# Cichlid themed Fantasy Football name



## Sparrow19 (May 31, 2013)

Ok, so I have a couple fantasy football teams going this year. Well I need to come up with some cool names for them.

Since my newly found passion for cichlids and such, I thought a cichlid theme would be cool, ha. I'm a nerd I guess.

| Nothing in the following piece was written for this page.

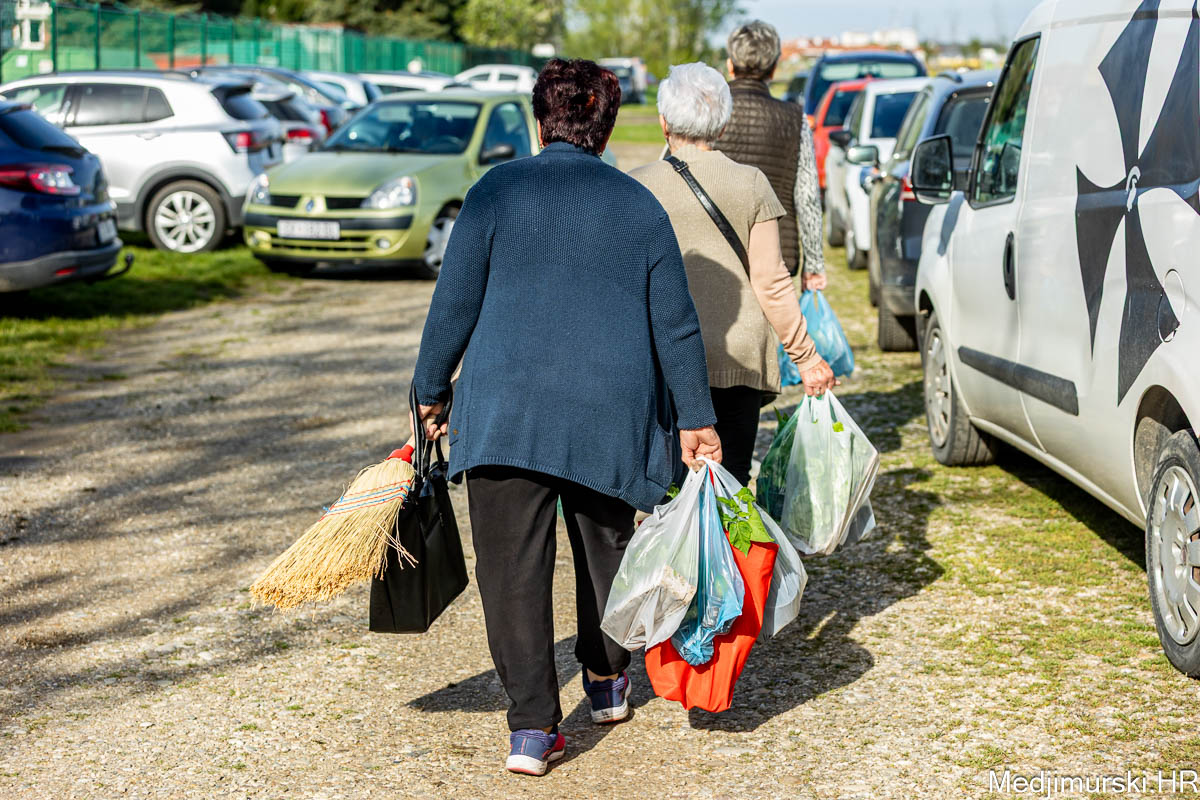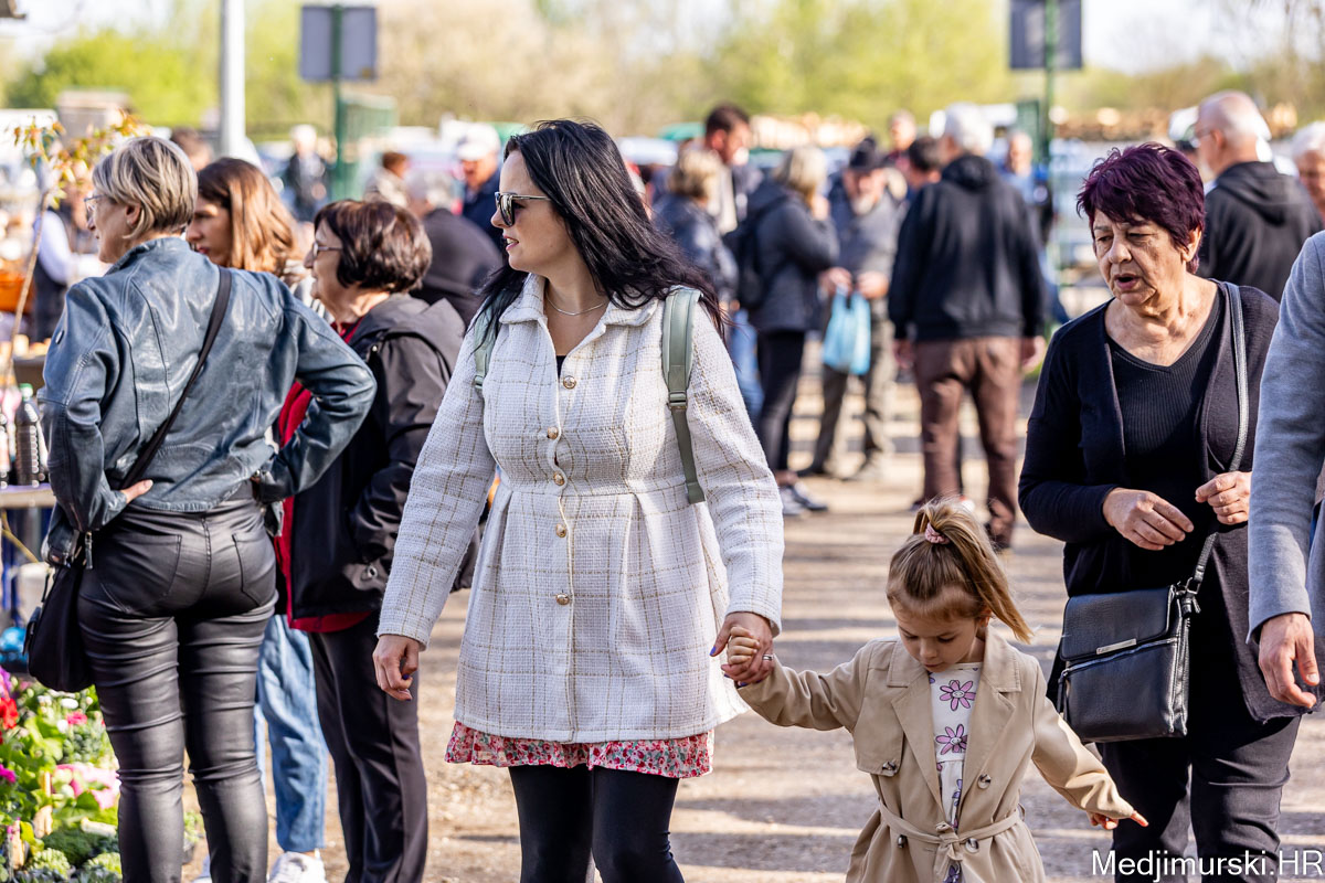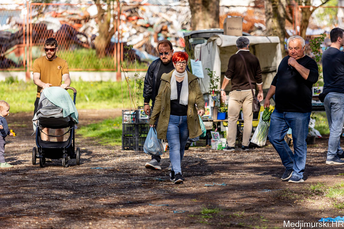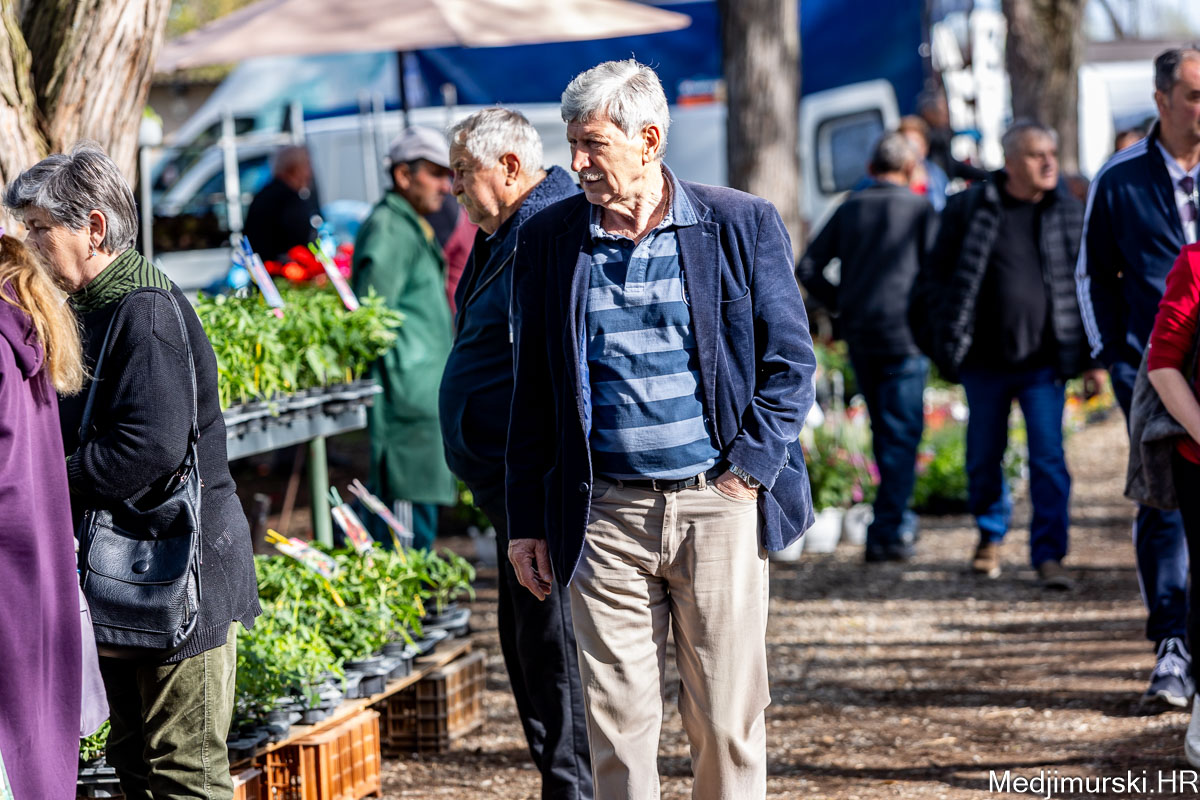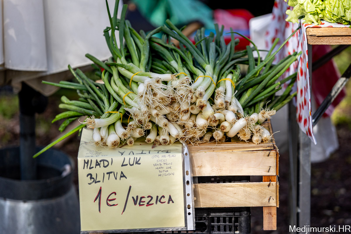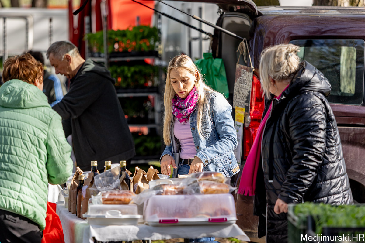 I danas je bilo puno ljudi na čakovečkom sajmu srijedom. Dobro se kupovalo i prodavalo. Posebno namirnice za uskrsni stol. Hren je bio po 5 eura kilogram, vezica sitnijeg korijena hrena 1 euro, a naribani hren u staklenki 5 eura. Mladi luk također je prodavan po 5 eura kg, a vezica mladog luka po 1 euro. Poriluk je nuđen po 2 eura kg. Po 1 euro bile su i vezice crvene rotkvice i blitve.

I was thinking of maybe combining names or something to make it sound cool, would be interesting to see some of your suggestions?

Example:

Z-Rock Green Terrors


----------



## Sparrow19 (May 31, 2013)

Otter Point White Blaze


----------



## Iggy Newcastle (May 15, 2012)

I change my team names every week, depending on who I'm playing or whats going on in the world of sports. I thought about incorporating my other hobbies into my team names, but no one would 'get it.' It's a pretty brutal couple of leagues, so a lot of making fun of each other.

Have you drafted yet?


----------



## DJRansome (Oct 29, 2005)

The Eye Biters.


----------



## NJmomie (Jan 17, 2013)

The Mouthbrooders .... too obvious?


----------



## Sparrow19 (May 31, 2013)

Iggy Newcastle said:


> I change my team names every week, depending on who I'm playing or whats going on in the world of sports. I thought about incorporating my other hobbies into my team names, but no one would 'get it.' It's a pretty brutal couple of leagues, so a lot of making fun of each other.
> 
> Have you drafted yet?


Not drafted yet. 1 is this Sat, and one is next Sun. yeah I know they for sure wouldn't 'get it', but would be more creative then some of the stupid names I've seen, Ha. And some of the cichlid names sound pretty menacing. Ha


----------